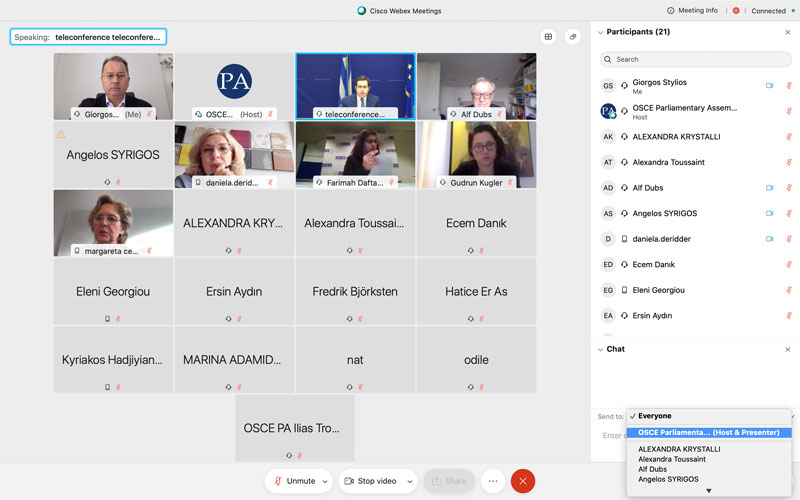 Σε τηλεδιάσκεψη της Επιτροπής Μετανάστευσης της Κοινοβουλευτικής Συνέλευσης (Κ.Σ.) του Οργανισμού για την Ασφάλεια και τη Συνεργασία στην Ευρώπη (Ο.Α.Σ.Ε.) συμμετείχε ο Γιώργος Στύλιος. Στη διάσκεψη, μεταξύ άλλων συμμετείχαν ο Υπουργός Μετανάστευσης και Ασύλου κ. Νότης Μηταράκης και η Αντιπρόεδρος της Κ.Σ. του Ο.Α.Σ.Ε. κα. Μαργαρίτα Σέντερφελτ (Margareta Cederfelt).
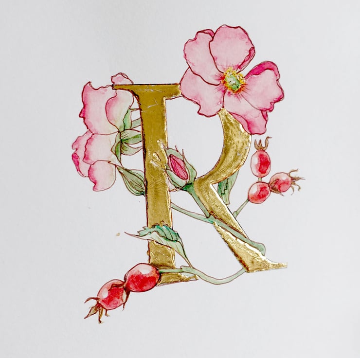 A4 size watercolour original art - wild roses and hips with letter R in 23.5 pure gold carat leaf.
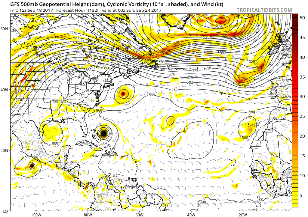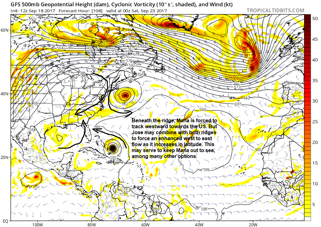 Today’s 12z GFS model valid for Friday evening shows a couple of large ridges initially forcing Maria towards the US, but a large weakness in this ridging via the remnants of Hurricane Jose (Tropical Tidbits).
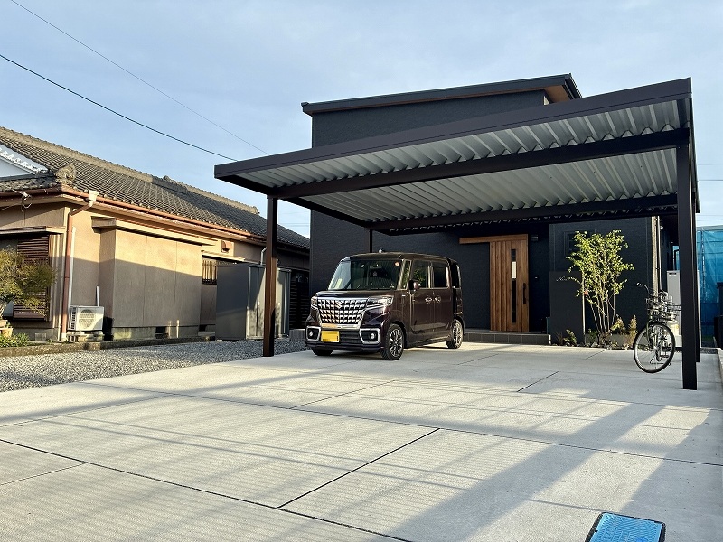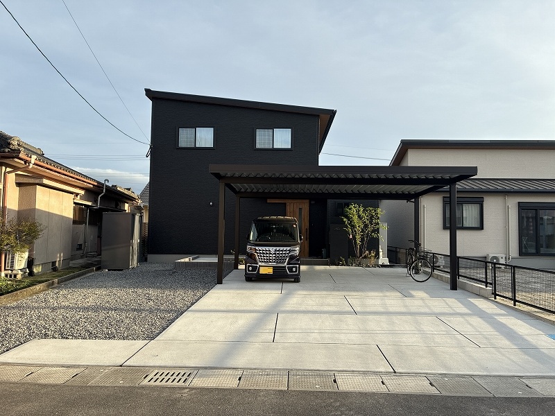 今回は霧島市にて施工させていただいた、万代ホームのスタイリッシュなブラック住宅に合わせた外構工事をご紹介します。
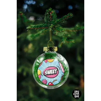 SWEET, Transparent Christmas tree ball ornament with green filling 8cm
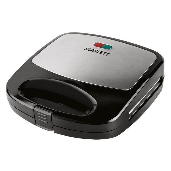 Scarlett SC-TM11038 — универсальное устройство, в котором можно приготовить горячие сэндвичи, толстые бельгийские вафли и печенье-орешки. Соответствующие сменные панели входят в комплект поставки. На корпусе есть два световых индикатора: один показывает, что устройство работает, второй оповещает о достижении оптимального уровня нагрева для начала приготовления.
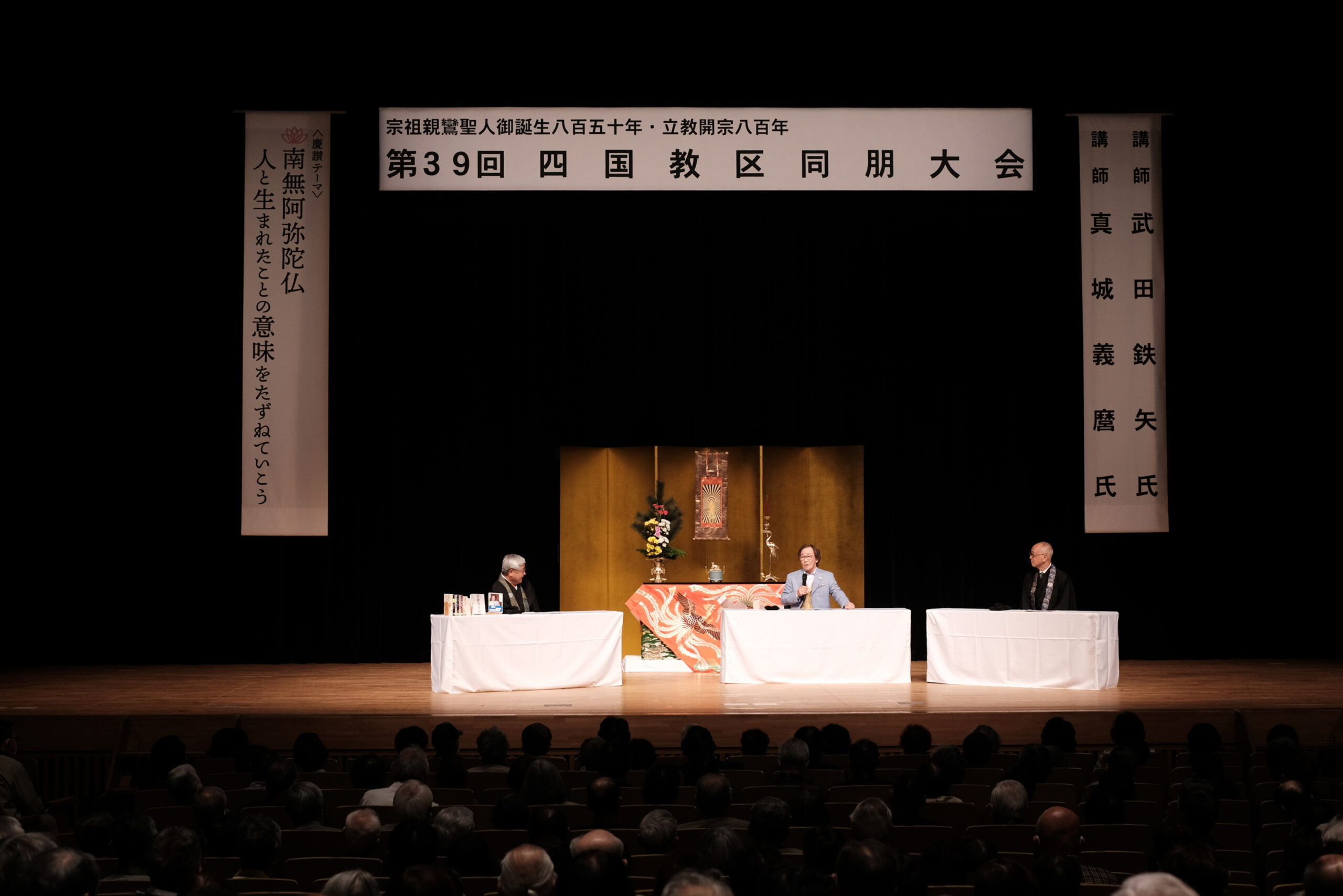 その後、趣旨説明に続き講演が行われました。久保博巳氏(東讃第1組深妙寺)司会のもと、講師の武田鉄矢氏(歌手、俳優)と真城義麿氏(東予組善照寺)には「南無阿弥陀仏〜人と生まれたことの意味をたずねていこう〜」をテーマに対談いただきました。

ACTIVITY
This task calls for the records to be copied exactly, without pictures.

WORKED SOLUTION
 Σε τηλεδιάσκεψη της Επιτροπής Μετανάστευσης της Κοινοβουλευτικής Συνέλευσης (Κ.Σ.) του Οργανισμού για την Ασφάλεια και τη Συνεργασία στην Ευρώπη (Ο.Α.Σ.Ε.) συμμετείχε ο Γιώργος Στύλιος. Στη διάσκεψη, μεταξύ άλλων συμμετείχαν ο Υπουργός Μετανάστευσης και Ασύλου κ. Νότης Μηταράκης και η Αντιπρόεδρος της Κ.Σ. του Ο.Α.Σ.Ε. κα. Μαργαρίτα Σέντερφελτ (Margareta Cederfelt).
 A4 size watercolour original art - wild roses and hips with letter R in 23.5 pure gold carat leaf.
 Today’s 12z GFS model valid for Friday evening shows a couple of large ridges initially forcing Maria towards the US, but a large weakness in this ridging via the remnants of Hurricane Jose (Tropical Tidbits).
 今回は霧島市にて施工させていただいた、万代ホームのスタイリッシュなブラック住宅に合わせた外構工事をご紹介します。
 SWEET, Transparent Christmas tree ball ornament with green filling 8cm
 Scarlett SC-TM11038 — универсальное устройство, в котором можно приготовить горячие сэндвичи, толстые бельгийские вафли и печенье-орешки. Соответствующие сменные панели входят в комплект поставки. На корпусе есть два световых индикатора: один показывает, что устройство работает, второй оповещает о достижении оптимального уровня нагрева для начала приготовления.
 その後、趣旨説明に続き講演が行われました。久保博巳氏(東讃第1組深妙寺)司会のもと、講師の武田鉄矢氏(歌手、俳優)と真城義麿氏(東予組善照寺)には「南無阿弥陀仏〜人と生まれたことの意味をたずねていこう〜」をテーマに対談いただきました。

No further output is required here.